Three deployment options:
| Mode | Best for | GPU acceleration | Prerequisites |
|---|---|---|---|
| Docker (CPU) | any OS, development | none | Docker |
| Docker (CUDA) | NVIDIA GPU servers | CUDA | Docker, NVIDIA Container Toolkit |
| Native (macOS) | Apple Silicon — full Metal GPU | Metal | Go 1.24+, Xcode CLT |
git clone https://github.com/dvcdsys/code-index && cd code-index
cp .env.example .env
# Edit .env — set CIX_API_KEY to a random string
docker compose up -dcurl http://localhost:21847/health # → {"status": "ok"}See GPU Acceleration (CUDA) section below.
docker compose -f docker-compose.cuda.yml up -dWhy not Docker?

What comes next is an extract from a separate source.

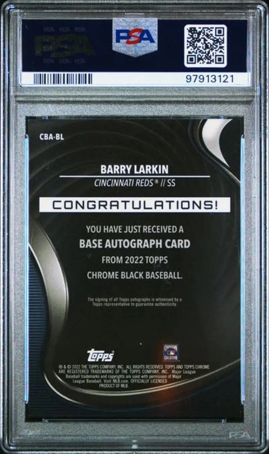 2022 Topps Chrome Black #CBA-BL Barry Larkin PSA 9 MINT Auto Cincinnati Reds Baseball Card

Docker Desktop on macOS runs containers inside a Linux VM — Metal GPU is not accessible from within a container. For full Apple Silicon GPU acceleration you must run the server natively.
Prerequisites: Go 1.24+, Xcode Command Line Tools
xcode-select --install # if not already installedStep 1 — Build binary + download Metal-enabled llama-server (once)
cd server
make bundle
# Outputs:
# dist/cix-darwin-arm64/cix-server
# dist/cix-darwin-arm64/llama/llama-server (includes libggml-metal.dylib)Step 2 — Configure
cp .env.example .env
# Edit .env — set at minimum:
# CIX_API_KEY=cix_<your-random-key>
# CIX_N_GPU_LAYERS=99 ← offload all layers to MetalStep 3 — Run
cd server && make run
# Reads .env from repo root, sets CIX_LLAMA_BIN_DIR automatically.curl http://localhost:21847/health # → {"status": "ok"}| Variable | Recommended | Notes |
|---|---|---|
CIX_N_GPU_LAYERS |
99 |
Offload all layers to Metal; 0 = CPU only |
CIX_LLAMA_BIN_DIR |
set by make run |
Path to the llama-server binary dir |
CIX_EMBEDDINGS_ENABLED |
true |
Enable GPU embeddings (default) |
Tip
make run always runs make bundle first (no-op if already built), so it's safe to use after any git pull.
Auto-start with launchd (optional — run server in the background on login):
cat > ~/Library/LaunchAgents/com.cix.server.plist << 'EOF'
<?xml version="1.0" encoding="UTF-8"?>
<!DOCTYPE plist PUBLIC "-//Apple//DTD PLIST 1.0//EN" "http://www.apple.com/DTDs/PropertyList-1.0.dtd">
<plist version="1.0"><dict>
<key>Label</key><string>com.cix.server</string>
<key>ProgramArguments</key>
<array><string>/ABSOLUTE/PATH/TO/server/dist/cix-darwin-arm64/cix-server</string></array>
<key>EnvironmentVariables</key>
<dict>
<key>CIX_API_KEY</key><string>YOUR_KEY</string>
<key>CIX_LLAMA_BIN_DIR</key><string>/ABSOLUTE/PATH/TO/server/dist/cix-darwin-arm64/llama</string>
<key>CIX_N_GPU_LAYERS</key><string>99</string>
<key>CIX_PORT</key><string>21847</string>
<key>CIX_SQLITE_PATH</key><string>/Users/YOUR_USER/.cix/data/sqlite/projects.db</string>
<key>CIX_CHROMA_PERSIST_DIR</key><string>/Users/YOUR_USER/.cix/data/chroma</string>
<key>CIX_GGUF_CACHE_DIR</key><string>/Users/YOUR_USER/.cix/data/models</string>
</dict>
<key>RunAtLoad</key><true/>
<key>KeepAlive</key><true/>
<key>StandardOutPath</key><string>/tmp/cix-server.log</string>
<key>StandardErrorPath</key><string>/tmp/cix-server.err</string>
</dict></plist>
EOF
# Replace /ABSOLUTE/PATH/TO and YOUR_USER/YOUR_KEY with real values, then:
launchctl load ~/Library/LaunchAgents/com.cix.server.plist
launchctl start com.cix.serverOption A: one-line installer (macOS / Linux)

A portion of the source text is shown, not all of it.